I feel the same way. Grew up in "the country" and got my hands on whatever I could, but in those days the pickings were scarce and of course no one else was into it. Just meeting someone else who knew what Akira was was pretty miraculous, but at the same time it certainly wasn't enough to bond over or anything like that.ZephyrStar wrote:Sometimes I think I was born 10 years too early for the hobby. Seems like every high schoo/college has a club or a group of cosplay kids or at least some people who are into it. It was very lonely when I was starting HS (1994) and was the only kid that I knew of that knew what anime was. Course, I did live out in the country, and I did find a club at my college (which I chose not to attend very often because of some of the fans there.)
My college had no anime club (or any clubs at all to speak of, really), the closest we came to this was the semi-regular group of students that would gather in the commons in the late afternoon to watch Dragonball, Gundam, or whatever was being shown on Toonami before the dining hall would open at 5:00. I really don't know how many people there would watch because they were "into anime" and how many were just watching it to be "ironic" or because they had nothing else to do. Anyway, I didn't really embrace my love for it until I'd left there, and now I find myself dabbling in a troublingly young scene and feeling a little jealous of how teens & tweens have it today.

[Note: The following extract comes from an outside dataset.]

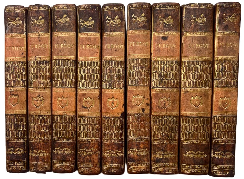 Première édition collective des oeuvres de Turgot rassemblées par Dupont de Nemours qui a rédigé les préfaces et les avertissements. Par suite des renvois aux pièces justificatives figurant dans les autres tomes, le tome I a été publié le dernier, d’après l’Avis imprimé en tête du tome II. Portrait de Turgot en frontispice gravé par Tardieu d’après Ducreux I. [DUPONT DE NEMOURS, Pierre-Samuel] Mémoires sur la vie, l’administration et les ouvrages de M. Turgot, Ministre d’État. II. Lettre à M. l’abbé de Cicé, depuis évêque d’Auxerre, sur le papier suppléé à la monnoie ; Discours pour l’ouverture et la clôture des Sorbonniques ; Premier discours sur les avantages que l’établissement du christianisme a procurés au genre humain prononcé le 3 juillet 1750 ; Second discours sur les progrès successifs de l’esprit humain, prononcé le 11 décembre 1750 ; Lettre à M. de Buffon sur sa théorie de la terre ; Remarques critiques sur les Réflexions philosophiques sur l’origine des langues et la signification des mots de M. de Maupertuis par M. Turgot, avec les Réflexions en regard ; Projets et plans d’ouvrages : sur la géographie politique, sur l’histoire universelle, sur les progrès de l’esprit humain, sur les progrès et les diverses époques de décadence des sciences et des arts, Pensées et fragmens ; Lettres sur la tolérance ; Le Conciliateur. III. Articles de M. Turgot dans l’Encyclopédie (étymologie, existence, expansibilité, foires et marchés, fondation et fondations ; Valeurs et monnoies ; Observations et pensées diverses ; Sur les économistes ; Éloge de M. de Gournay précédé d’une lettre à M. Marmontel ; Observations géologiques ; Lettre à M. de Voltaire. IV. Travaux concernant les impositions : Déclaration du Roi concernant la taille tarifée dans la généralité de Limoges et lettre circulaire de Turgot aux Commissaires aux tailles de cette généralité ; Avis sur l’état de la généralité de Limoges relativement à l’imposition de la taille pour 1762 ; Lettre au contrôleur général pour refuser l’intendance de Lyon ; Mémoire sur les doubles emplois des tailles entre les généralités de Limoges et de La Rochelle ; Projet d’Arrêt du conseil jpoint à ce mémoire ; Projet d’une imposition territoriale : projet d’édit du Roi portant abonnement des vingtièmes…t observations de Turgot ; Plan d’un mémoire sur les impositions en général, sur l’imposition territoriale en particulier et sur le projet du cadastre ; Lettre à M. de Laverdy sur la répartition des vingtièmes ; Avis sur l’imposition de la taille de la généralité de Limoges pour 1763, 1765 et 1766 ; Mémoire sur la surcharge des impositions qu’éprouvoit la généralité de Limoges, dans lequel l’auteur traite incidemment de la grande et de la petite culture ; Programmes de la Société royale d’agriculture de Limoges et observations sur les mémoires de MM. de Saint-Peravy et Graslin ; Suppressions des Corvées ; Lettre sur la corvée pour le passage des troupes ; Lettre aux officiers de police des villes de sa généralité où il y a des marchés de grains ; Mémoire au Conseil d’État sur la législation relative à l’exploitation des mines et des carrières. V. Réflexions sur la formation et la distribution des richesses et observations de Dupont de Nemours sur les points dans lesquels Adam Smith est d’accord avec la théorie de Turgot et sur ceux dans lesquels il s’en est écarté ; Questions sur la Chine adressées à MM. Ko et Yang ; Lettre à M. Trudaine sur les encouragemens à donner aux manufactures ; réponse de Trudaine et réplique de Turgot ; Avis pour l’imposition de la taille de la généralité de Limoges, des années 1767, 1768 et 1769 ; Lettre sur les améliorations à faire dans le transport des équipages des troupes et dans les étapes ; Avis sur l’imposition de la taille… …1770 ; Mémoire sur les prêts d’argent ; Addition à ce Mémoire sur la nécessité et le prix du Crédit ; Lettre circulaire à MM. les curés de la généralité de Limoges sur les pertes de bestiaux, les modérations de contributions, sur la forme à suivre pour les obtenir, sur les récompenses sur la destruction des loups ; Travaux relatifs à la disette de l’année 1770 : arrêt du Conseil d’État du Roi sur la liberté du commerce des grains en Limousin et Périgord ; Avis et instruction sur l’établissement de bureaux de charité et lettres circulaires à ce sujet à MM. les curés et les subdélégués. VI. Diverses ordonnances, arrêts et pièces d’administration ; Lettres sur la Liberté du Commerce des Grains : ces Lettres sont au nombre de sept ; Lettres sur des actes administratifs ; Sur l’extension de la liberté du commerce des colonies ; Lettre au maire de Rochefort ; Lettre à M. le Marquis de Monteynard, ministre de la guerre sur la milice. VII-VIII. Lettres et mémoires au Roi ; Liberté et franchise du commerce des bleds ; Encouragemens divers pour d’autres branches de culture et de commerce ; Mesures contre la maladie épizootique ; Perfectionnemens dans la levée des contributions ; Adoucissemens dans les rigueurs inutiles de la perception ; Suppressions, ou modérations d’Impôts ; Facilités de perception ; Suppressions d’offices ; Diminution de fraix de régie ; Établissemens de régies nouvelles et perfectionnement des anciennes ; Comptabilité ; Travaux publics ; Payement de dettes anciennes ; Lettres et loix administratives ; Loix de police ; Emprunts du clergé, des pays d’États ou du Trésor public ; Encouragemens pour l’art de guérir et le soulagement des malades. IX. Traductions en vers : De la Prière universelle de Pope ; de celle de Cléanthe ; de Virgile avec texte latin en regard ; Sur la prosodie de la langue française et la versification métrique ; Invocation à la muse d’Homère ; traduction du poème de Didon de l’Énéide de V

By the time that I was out of college and working a part time job, I started to meet lots of other people who were really into anime and cosplaying. Unfortunately, they were mostly all just out of high school and the tiny but nevertheless tangible sense of maturity and personal responsibility that I'd built up in myself made it very difficult to socialize or identify with them, much less "join" their group. No disrespect to them or anything. We were just at different points in our lives and outside of enjoying a few DDR/Karaoke Revolution parties with them -- I was possibly only invited to bring alcohol but that's fine -- we just didn't have much in common.
I don't meant to sound bitter or anything. It's just that I really would like to have a core of friends into the same things as I am. I guess that's part of the reason I joined this site but even now, it seems like making that happen at this point is probably not very likely.